### Data extracted from a collection

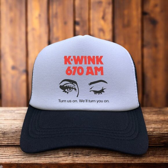 K-Wink 670 AM Mens Trucker Hat Black 70s California Radio Ad Vintage Logo Cap
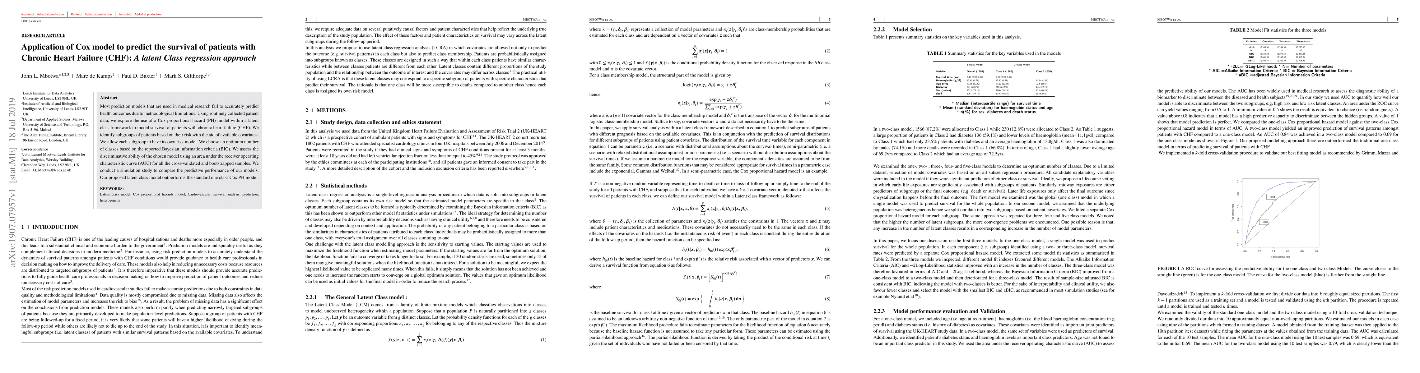 Most prediction models that are used in medical research fail to accurately predict health outcomes due to methodological limitations. Using routinely collected patient data, we explore the use of a Cox proportional hazard (PH) model within a latent class framework to model survival of patients with chronic heart failure (CHF). We identify subgroups of patients based on their risk with the aid of available covariates. We allow each subgroup to have its own risk model.We choose an optimum number of classes based on the reported Bayesian information criteria (BIC). We assess the discriminative ability of the chosen model using an area under the receiver operating characteristic curve (AUC) for all the cross-validated and bootstrapped samples.We conduct a simulation study to compare the predictive performance of our models. Our proposed latent class model outperforms the standard one class Cox PH model.
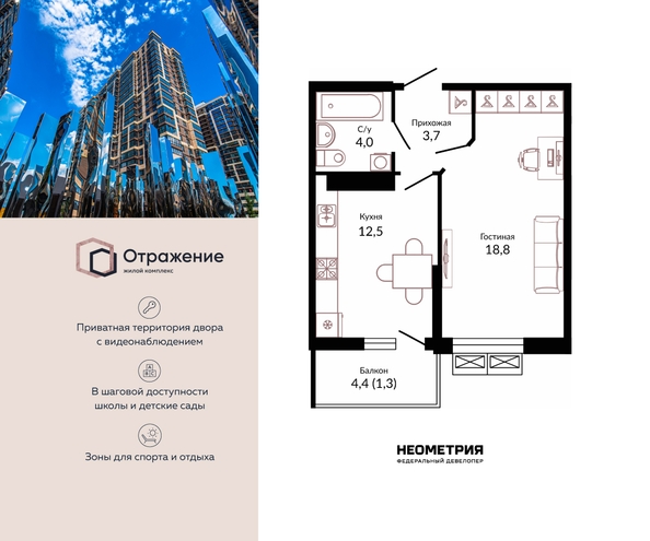 Продается квартира в жилом комплексе «Отражение». Это новый стандарт комфортного проживания от федерального девелопера «Неометрия».
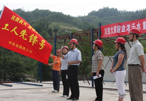 授旗仪式结束后,大家在鲜红的“工人先锋号”旗帜下合影,从废墟中站起来的天彭电力广大职工们脸上露出了自豪的笑容。望着迎风招展的红旗,郭勇总经理笑着问大家准备把这面光荣的旗帜插在哪里,同志们高声回答:报告郭总,报告各位领导,我们要把“工人先锋号”的红旗插遍天彭电力抗震救灾、重建家园的每一个阵地!
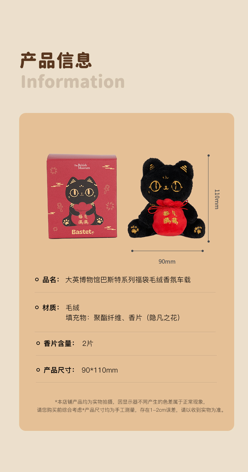大英博物馆巴斯特车载香薰福袋香氛挂件香包毛绒高级感小众礼物

### What this task involves
Would you write each entry out again exactly, omitting the images?

### Exercise result
 K-Wink 670 AM Mens Trucker Hat Black 70s California Radio Ad Vintage Logo Cap
 Most prediction models that are used in medical research fail to accurately predict health outcomes due to methodological limitations. Using routinely collected patient data, we explore the use of a Cox proportional hazard (PH) model within a latent class framework to model survival of patients with chronic heart failure (CHF). We identify subgroups of patients based on their risk with the aid of available covariates. We allow each subgroup to have its own risk model.We choose an optimum number of classes based on the reported Bayesian information criteria (BIC). We assess the discriminative ability of the chosen model using an area under the receiver operating characteristic curve (AUC) for all the cross-validated and bootstrapped samples.We conduct a simulation study to compare the predictive performance of our models. Our proposed latent class model outperforms the standard one class Cox PH model.
 Продается квартира в жилом комплексе «Отражение». Это новый стандарт комфортного проживания от федерального девелопера «Неометрия».
 授旗仪式结束后,大家在鲜红的“工人先锋号”旗帜下合影,从废墟中站起来的天彭电力广大职工们脸上露出了自豪的笑容。望着迎风招展的红旗,郭勇总经理笑着问大家准备把这面光荣的旗帜插在哪里,同志们高声回答:报告郭总,报告各位领导,我们要把“工人先锋号”的红旗插遍天彭电力抗震救灾、重建家园的每一个阵地!
大英博物馆巴斯特车载香薰福袋香氛挂件香包毛绒高级感小众礼物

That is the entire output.